Case Study: “Coca-Cola crisis in Belgium”
1. How could the Belgian problem have damaged the Coca-Cola image? Coca-Cola incurred in a very sensitive crisis intensified by the fact that a “mass hysteria” was still spread in Belgium, after the Chickengate scandal. This explained the overreaction of the Belgian Government. Besides, the fact that children were affected, meant that parents were also being concerned, and hence that the crisis emotionally affected more people than other crisis. Furthermore, Management was giving neither information nor reasons to both customers and Media for what was happening. This meant that Coca-Cola’s image was being damaged due to a loss of credibility. In this sense, although we may argue that the guilt was mainly from the bottler company (40% owned by Coca-Cola), consumers also questioned the control Coca-Cola had over its suppliers. Moreover, a lack of Crisis Management Plan was being a testimonial of Coca-Cola’s poor governance. All this meant a critical dissatisfaction from customers, leading to numerous rumours that were harming Coca-Cola’s image. The rumours make it evident that Coca-Cola need to destruct the products, withdraw them of the market and ban them of sail. This entailed a lot of costs, and could have been avoided if Coca-Cola had had a Crisis Management Plan and an immediate response. Into the bargain, we think that the overall scandal had an impact on sales, and revenues, as well as it could foster that competitors overtake Coca-Cola at any point. Pepsi in this case, wasn’t really a preoccupation for Coca-Cola, since it only represents 3% of the market share in Belgium) but, still, it could take profit from the situation. Investors were also afraid about the money they had invested in the company. For this reason, stock prices felt down on Wall Street by June 1999. Coca-Cola lost 1% of its worldwide sales and in ten days only, they suffered a -13% of value in Wall Street. Douglas Ivester had to make public apologies on the international website of the brand, when stock prices went down. Finally, to sum up, we can say that the scared had been mishandled, the communication was inadequate and the company was unprepared for a crisis of this magnitude. However, a research indicated that core users of Coca-Cola still reported the same intent-to-purchase levels than before the crisis.

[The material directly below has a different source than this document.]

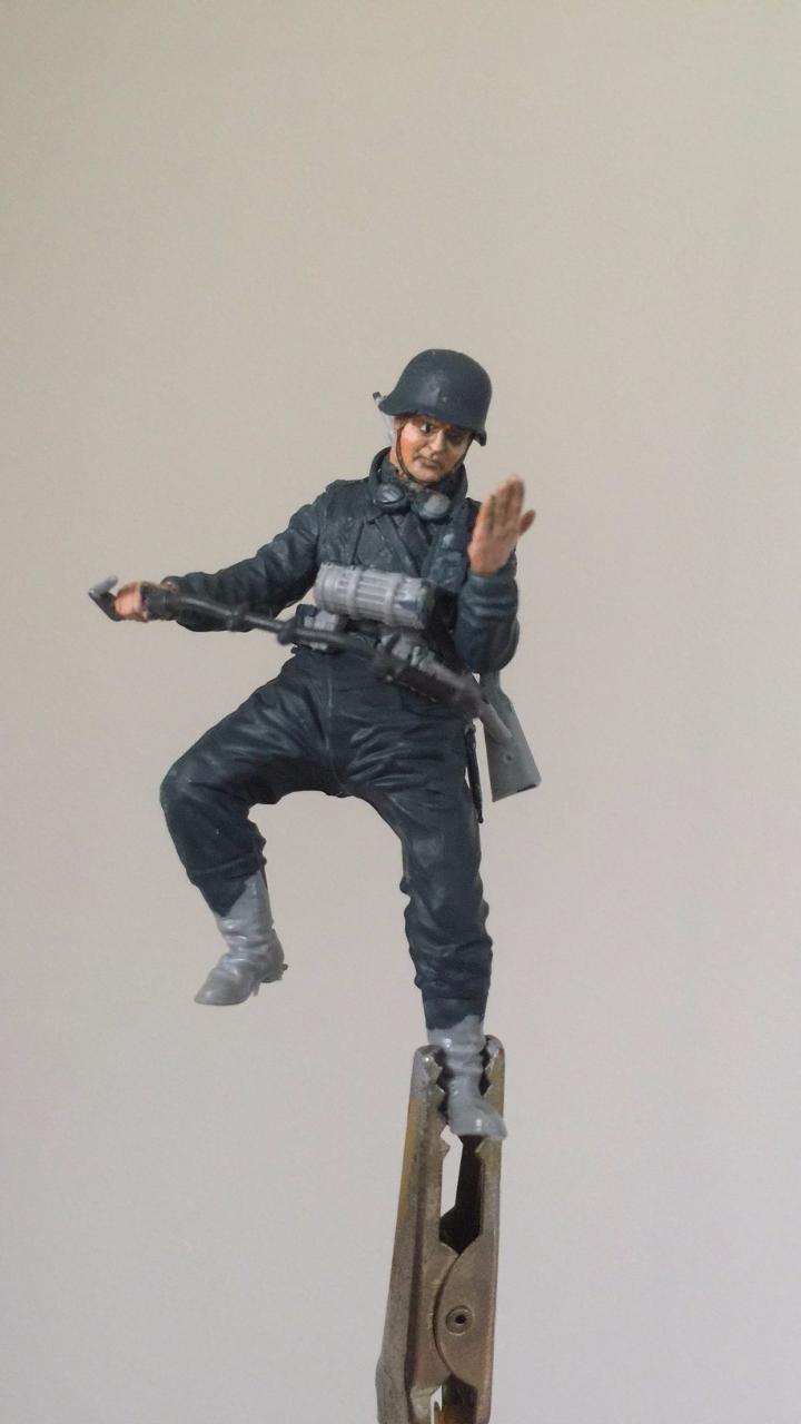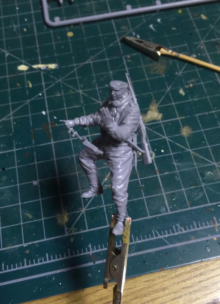 장교는 눈 부분이 뜬건지 감은건지 영 느낌이 안나네요. 도색이 마음에 안들어서 박스아트대로 안경을 쓰고 있는걸 재현해볼까 하는 생각이 들었습니다.

2. Is the problem limited solely to Belgium? Solely to Europe? Or is it a global problem? We think that the scandal is a global problem, above all because Coca-Cola is a worldwide known brand and the most famous word after “OK”. Remember that one of the company’s maxims is “to conduct business on a global scale while maintaining a multilocal approach”. This explains that even a problem affecting a small country such as Belgium can have huge repercussions in all Europe. Indeed, cans were withdrawn not only from Belgium plants but also a French one. This is due to a quick spreading of the scandal to cross-border countries (Luxembourg, France...). Even the European Commission blamed the global company for not giving enough reasons and information about the causes of the scandal.
Besides, in the age of instantaneous communication, Internet availability and satellite media coverage, the amount of information and the speed at which customers can be informed have increased exponentially. That’s why, due to the virality of information, the mass hysteria alarmed the media from all over the world and every country was aware of it.
However, Coca Cola is produced locally rather than being exported and that’s why the crisis only affected cans sold in Europe. For this reason, we may argue that Coca Cola could have at least minimized a global effect by offering more information about the production and distribution process to the public so that it was possible to track its products and keep the scandal more local. Indeed, French Consumer Affairs Minister stated that Coca-Cola was unable...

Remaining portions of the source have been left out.